- Prompt
An exact retyping of all lines below is the answer; pictures do not belong in it.

- Available data
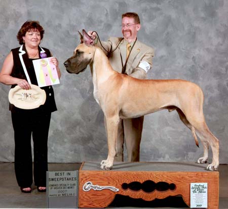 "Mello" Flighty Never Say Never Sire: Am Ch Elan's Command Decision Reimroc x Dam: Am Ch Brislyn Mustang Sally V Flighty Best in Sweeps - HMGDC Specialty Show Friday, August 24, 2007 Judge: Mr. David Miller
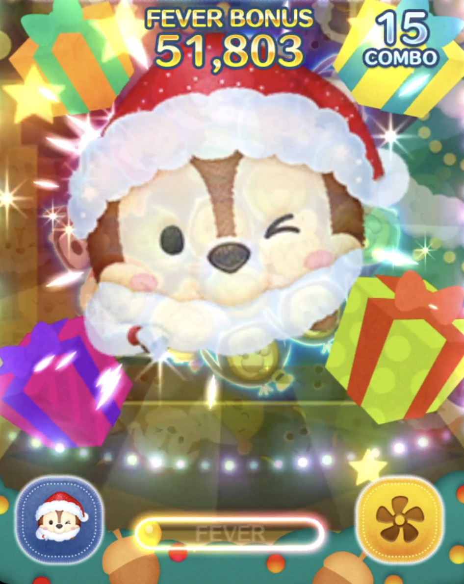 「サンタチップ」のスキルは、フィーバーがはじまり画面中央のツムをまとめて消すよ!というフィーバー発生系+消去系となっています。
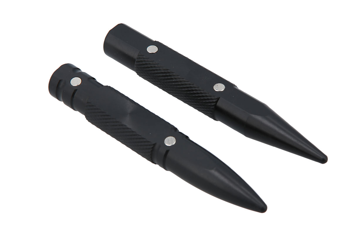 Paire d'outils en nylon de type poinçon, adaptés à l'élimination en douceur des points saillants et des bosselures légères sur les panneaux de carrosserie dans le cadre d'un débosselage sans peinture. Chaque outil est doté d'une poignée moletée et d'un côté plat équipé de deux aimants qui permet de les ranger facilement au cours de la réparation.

- Output for this exercise
 "Mello" Flighty Never Say Never Sire: Am Ch Elan's Command Decision Reimroc x Dam: Am Ch Brislyn Mustang Sally V Flighty Best in Sweeps - HMGDC Specialty Show Friday, August 24, 2007 Judge: Mr. David Miller
 「サンタチップ」のスキルは、フィーバーがはじまり画面中央のツムをまとめて消すよ!というフィーバー発生系+消去系となっています。
 Paire d'outils en nylon de type poinçon, adaptés à l'élimination en douceur des points saillants et des bosselures légères sur les panneaux de carrosserie dans le cadre d'un débosselage sans peinture. Chaque outil est doté d'une poignée moletée et d'un côté plat équipé de deux aimants qui permet de les ranger facilement au cours de la réparation.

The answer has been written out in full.